INTRODUCTION

I was born in the midst of the Great Depression and grew up on a central Wisconsin farm, where the winters were fierce and seemingly never ending. I have never left the North, and outside of the time I spent in the army I have never missed a winter in Wisconsin.

Over the years I have come to appreciate and even enjoy northern winters. But I’ve also learned that there is more to winter than snow and ice and bitter cold. Winter has shaped me in ways that go deeper than I am even aware. I believe this is true for everyone who has spent any length of time in the North. Living through a real winter—a northern winter—affects how we think, influences what we believe is important, and causes us to relate to other people in a particular way.

For farm families like mine, winter meant slowing down. The rest of the year on the farm was near nonstop activity: plowing, stone picking, and planting in spring; cultivating, hoeing, making hay, threshing, and picking cucumbers in summer; silo filling and corn husking in fall. Through it all we also built fence, repaired machinery, tended our animals, and of course milked the cows twice a day. In winter we took a well-earned rest in preparation for the busy seasons to come.
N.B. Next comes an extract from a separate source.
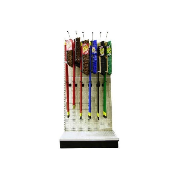 Steel Merchandising Rack & Hook Set For A 4 Assortment Of Pushbrooms Has 8 Hooks & 8 Handle Guides Hooks Attach To Two 2 Frames Which Are Part Of The Kit Allows Pushbrooms To Be Merchandised With The Head Of The Broom At The Top Of The Planogram.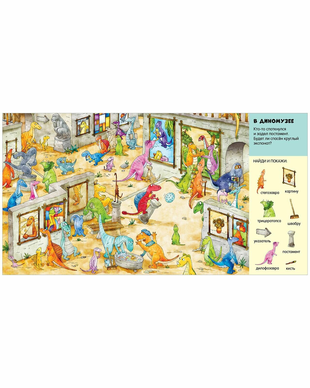 Добро пожаловать в удивительный мир динозавров! Жители Динограда спешат по делам, в музее открывается новая выставка, на стройке работа идёт полным ходом, а диномалыши играют в детском саду. Отправляйтесь на весёлую доисторическую прогулку вместе с милыми динозаврами! В этой книге маленьких поклонников динозавров ждут детальные иллюстрации и любимая детская игра «найди и покажи». На каждой странице спрятаны разные предметы, которые нужно отыскать.

The short days and long, dark nights forced us to follow the rhythms of the natural world and reminded us that we were in fact part of nature—not as different from the plants and animals as we might have thought.

There’s a resilience that comes with having a few northern Januaries under your belt. Winter on the farm was difficult at best, even dangerous when a blizzard roared in from the northwest and closed us off from the outside world, sometimes for several days. But we never worried about power outages, since we had no outside power; electrical lines would not arrive at our farm until 1947. Our kerosene lamps lit the long evenings, and our wood-burning stoves kept us warm enough. We had no indoor plumbing, either, so we used a gasoline-powered engine to pump water for the farm animals and for our own use. (We also kept our trips to the frigidly cold outhouse as brief as possible.)

Along with a hard-won self-reliance, I credit winter with teaching me the value of patience. It just takes longer to accomplish things in winter. We wallowed through several feet of snow to our woodlot to cut wood for hungry woodstoves, a task slowed considerably by cold weather and deep snow. When snowstorms plugged our road with snowdrifts and stopped all travel past our farm, there was nothing we could do about it except wait for the snowplow, which always came—eventually.

The importance of family came into sharper focus during winter. Although we attended school no matter the weather (our country school never closed), some blizzards kept us from traveling into town for weeks. While those storms made our farmwork all the more challenging—paths had to be cleared from building to building, sometimes several times in one day, and our heavy winter clothing made it that much harder to get our work done—they were also cause for our family to draw closer together. When the weather was especially snowy or bitterly cold, we gathered in the kitchen or the dining room (the only rooms in our farmhouse heated by woodstoves) and played Monopoly, checkers, or card games like Flinch and Smear. My twin brothers and I built things with Tinker Toys and Lincoln Logs and read books that we had brought home from our school library. While we sat at the dining room table to do our homework around the kerosene lantern, our parents joined us, Pa at one end reading the Milwaukee Sentinel or the Wisconsin Agriculturist, Ma at the other darning socks, mending worn overalls, or working on other sewing projects.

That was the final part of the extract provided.